The film stays true to a few elements that you would expect from any story that involves Batman. Gotham is a powder keg ready to explode because of police corruption, crime, and the relentless attacks of rival gangs. Arkham Asylum is full of infamous villains that continue to wreak havoc in their own special way. Batman and James Gordon are the only ones who truly believe that Gotham can be saved, and the only way to do so is to bend the rules, but not break them.
This film is about Batman having to become a detective, but the problem here is Batman has always been depicted as one of DC’s most intelligent individuals. Throughout the film, he acts more like the bouncer at a nightclub; he knows how to hurt people but doesn’t have a clue about solving any crimes. Vital connective tissue explaining how Batman came to the conclusions involving certain characters in his search for Holiday is missing.
When it comes to being the voice of Batman, Kevin Conroy is considered the bar since he’s been the man behind the mic for two decades. Jensen Ackles made his career on the CW’s hit show, Supernatural, and does a fair job being the next one to be the voice behind the bat. His performance portrays Batman as an amateur crime-fighter rather than a gritty detective. Considering this takes place during Batman’s early years, it seemed right to get someone in their youth rather than rely on Conroy who is in his mid-60s. Jensen has previously worked with DC as the voice of Jason Todd in Batman: Under the Red Hood and could be fit to replace Conroy permanently.

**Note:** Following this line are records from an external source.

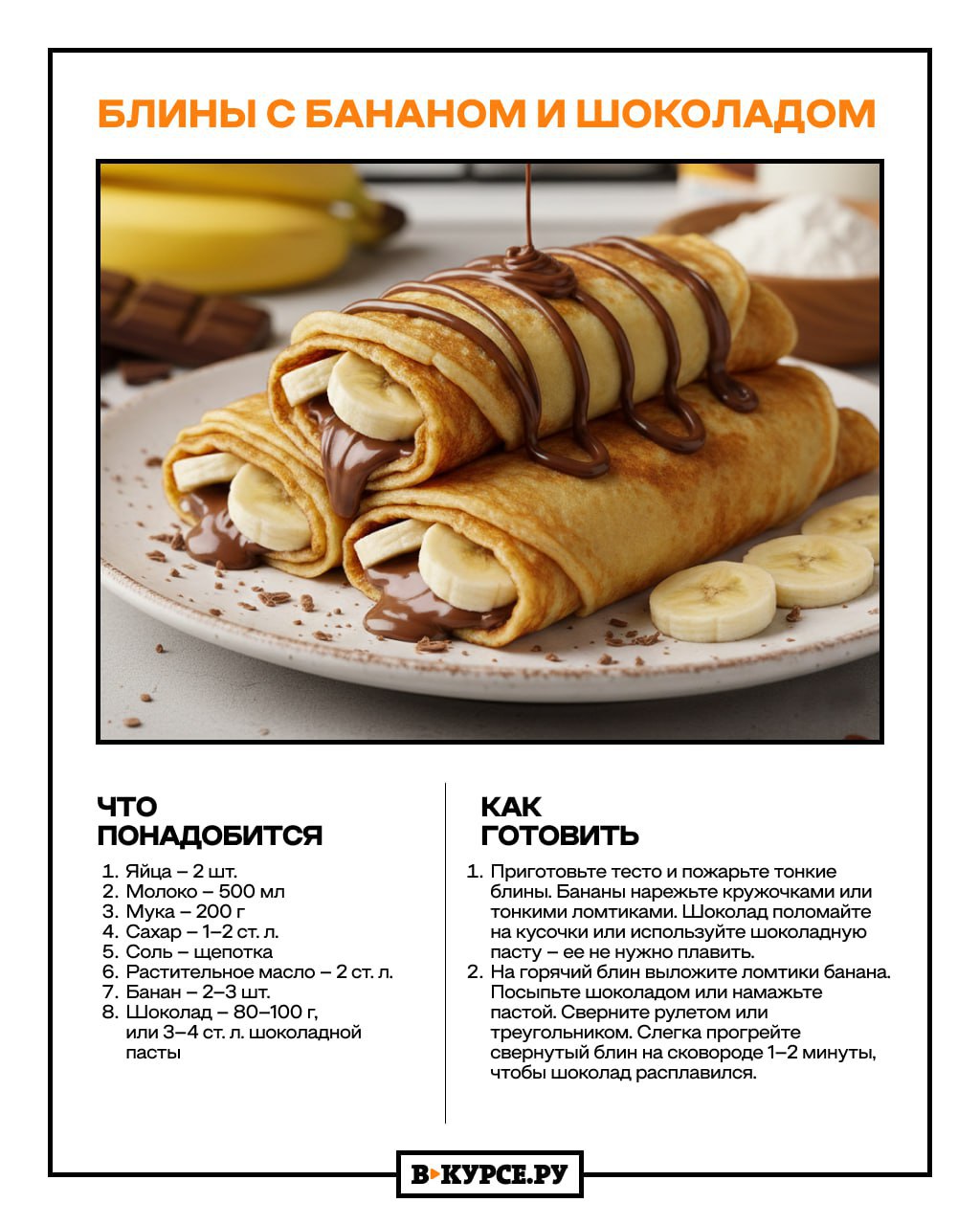 Задача всем нашим подписчикам на сегодняшний вечер — сохранить рецепты и приготовить по ним сладкие или соленые блинчики
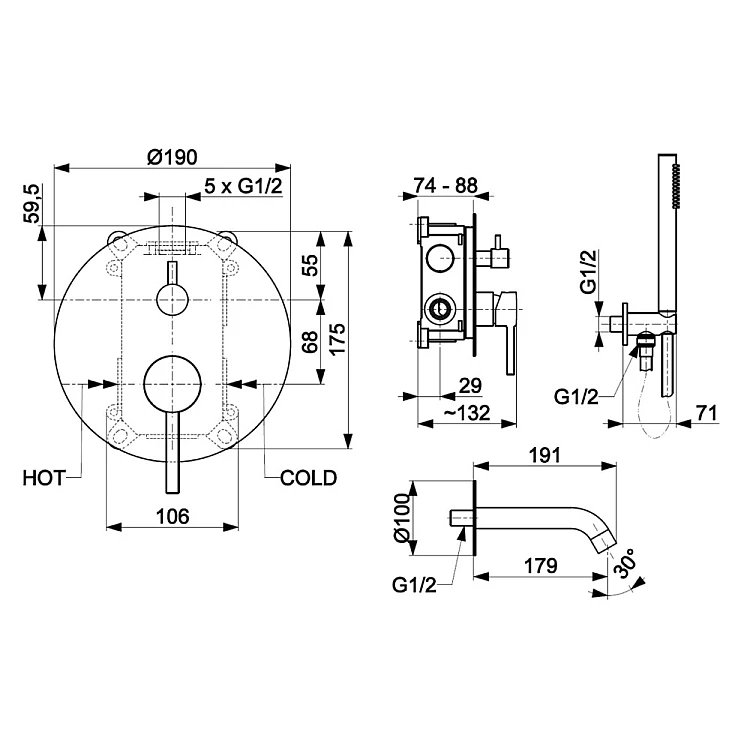 Получите AI советы по Смеситель скрытого монтажа для ванны KFA ARMATURA MOZA 5039-401-61 графит
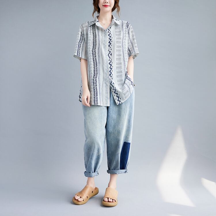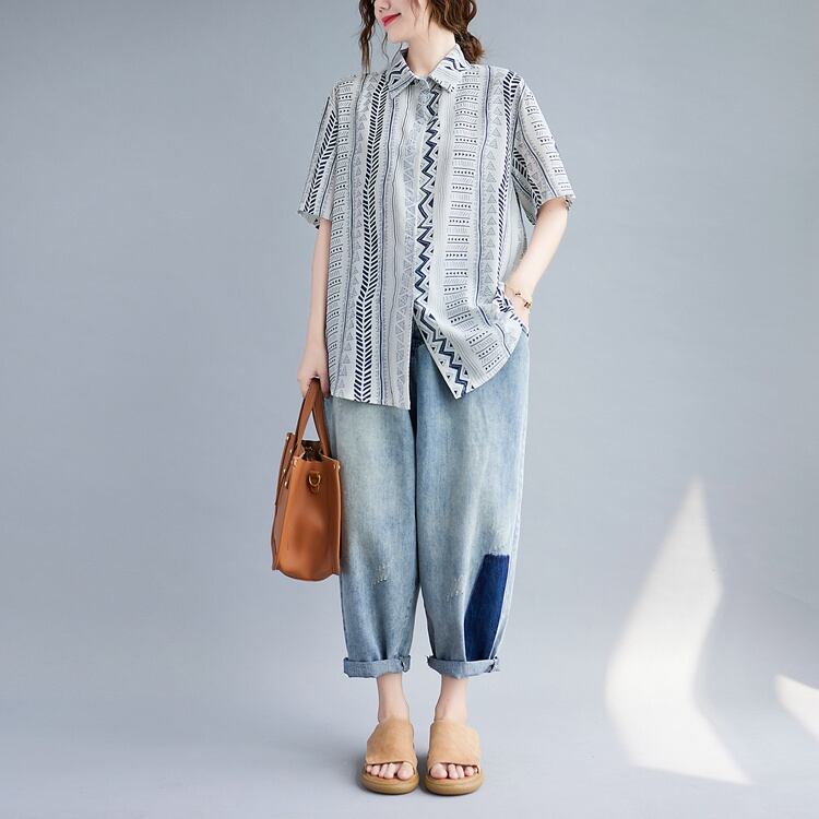 どんなコーデにもピッタリ INSスタイル 幾何学模様 半袖 文学 シャツ カーディガン トップス 日焼け止め服

Veteran voice actor, Troy Baker (The Last of Us), does a phenomenal job as Joker which says a lot considering he’s stepping into Mark Hamill’s shoes. While his Joker laugh doesn’t come close to Hamill’s, the personality is just right. It’s a solid mix of insanity with bad jokes and pure love for mindless violence. Even though he has a bit part in this film, I hope his role expands in Part Two.
The rest of the voice cast is good with stars such as Josh Duhamel (Transformers) who plays Harvey Dent, David Dastmalchian (The Suicide Squad) as Calendar Man, and Titus Welliver (Bosch) as Carmine Falcone. The tragedy of this cast is that the voice of Catwoman, Naya Rivera (Glee), who died on July 8th, 2020, after saving her son from drowning by placing him on a boat but couldn’t save herself. Her last film credit will be when the other half of this saga is released. This film was dedicated to her memory.
Overall, Batman: The Long Halloween Part One is good enough to introduce Batman into the new DC Animated Universe, but it could have been better. The search for Holiday will conclude in Part Two, but not without complications. The bodies are piling up and the pressure is on Batman to find the murderer before Gotham falls into complete anarchy. We will be introduced to more of the villains we love and hopefully show Batman’s transition from a vigilante who can hit hard to a detective that can solve crimes.